For a while I’ve been curious about Go and its relevance to Web development.

I’ve heard a lot of good things about the performance, its rich standard library and how it has become a first language for many PHP and Node developers.

So let’s have a go at Go!

CLI App

You can view the code hosted on GitHub at azdanov/images.
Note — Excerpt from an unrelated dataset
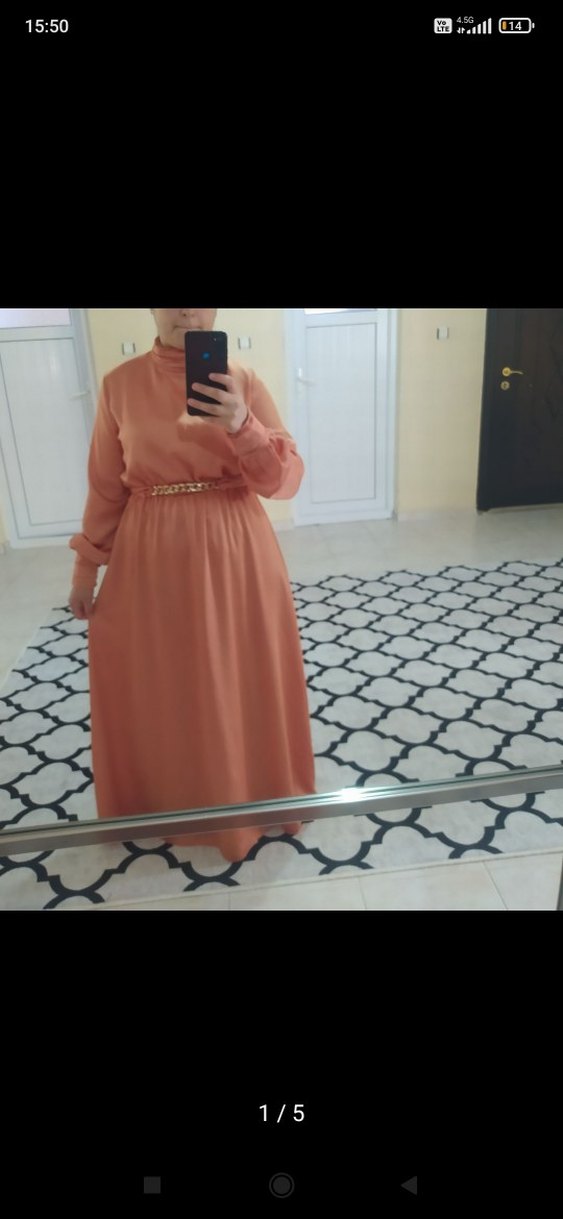 Yüksek yakalı, uzun kollu ve kemerli bu uzun elbise, yumuşak ve ipeksi bej kumaştan yapılmıştır. Minimalist günlük kullanıma uygundur.
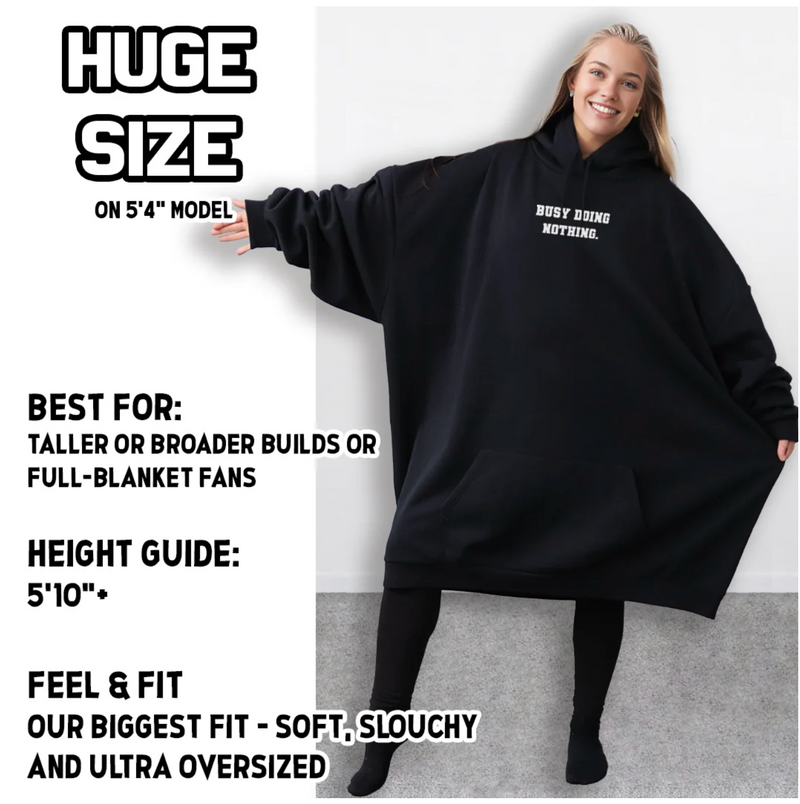 Additionally, the Huge Hood is designed to fit most body types with its Comfy Size sizing, making it a great gift option for friends and family members who love lounging and doing day to day activites in comfort. Its oversized fit adds to the relaxed vibe and allows for a more versatile styling option when you prefer the baggier look.

Here’s the finished version, since this is not a tutorial I will not explain what each part of the code does.

package main

import (
	"bufio"
	"encoding/base64"
	"fmt"
	"log"
	"mime"
	"os"
	"path/filepath"
)

func main() {
	if len(os.Args) == 1 {
		log.Fatal("No arguments specified.")
	}

	image := os.Args[1]

	file, err := os.Open(image)
	if os.IsNotExist(err) {
		log.Fatal("File not found.")
	}

	mimeType := mime.TypeByExtension(filepath.Ext(os.Args[1]))

	supported := []string{
		"image/svg",
		"image/svg+xml",
		"image/gif",
		"image/jpeg",
		"image/png",
	}

	if !inSlice(mimeType, supported) {
		log.Fatal("Image type not supported.")
	}

	info, _ := file.Stat()
	buf := make([]byte, info.Size())

	fReader := bufio.NewReader(file)
	_, _ = fReader.Read(buf)

	data := fmt.Sprintf(
		"data:%s;base64,%s",
		mimeType,
		base64.StdEncoding.EncodeToString(buf)
	)

	fmt.Print(data)
}

func inSlice(a string, list []string) bool {
	for _, b := range list {
		if a == b {
			return true
		}
	}
	return false
}

Original was made in PHP:

<?php

declare(strict_types=1);

array_shift($argv);
$image = array_shift($argv);

if (!$image) {
    fwrite(STDERR, 'No arguments specified.');
    die(1);
}
if (!file_exists($image)) {
    fwrite(STDERR, 'File not found.');
    die(1);
}

$mime = mime_content_type($image);

$supported = ['image/svg', 'image/svg+xml', 'image/gif', 'image/jpeg', 'image/png'];
if (!in_array($mime, $supported)) {
    fwrite(STDERR, 'Image type not supported.');
    die(1);
}

if ($mime === 'image/svg') {
    $mime .= '+xml';
}

$data = file_get_contents($image);

die("data:${mime};base64," . base64_encode($data));

And for fun here’s Node:

const { existsSync, readFileSync } = require('fs');
const { extname } = require('path');

if (process.argv.length == 2) {
  process.stderr.write('No arguments specified.');
  process.exit(1);
}

const image = process.argv[2];

if (!existsSync(image)) {
  process.stderr.write('File not found.');
  process.exit(1);
}

const extension = extname(image).substr(1);
const supported = ['image/svg+xml', 'image/gif', 'image/jpeg', 'image/png'];
const mime = supported.find((s) => s.includes(extension));

if (!mime) {
  process.stderr.write('Image type not supported.');
  process.exit(1);
}

const data = readFileSync(image);
process.stdout.write(`data:${mime};base64,${data.toString('Base64')}`);

Benchmark

I was curious how much Go would outperform PHP and Node, and was pleasantly surprised.

hyperfine was used for the benchmarks.

PHP (PHP 7.3.3)Go (go1.12.1 darwin/amd64)Node (v11.13.0)
User: 20.6ms, System: 9.8ms 74 runsUser: 5.1ms, System: 2.2ms 286 runsUser: 72.9ms, System: 18.7ms 30 runs

Finish

I didn’t expect Node to be that slow compared to PHP. I guess PHP is performant enough for most Web related tasks.

So in conclusion Go is really an interesting language, there is a good reason it’s called the C language of the web.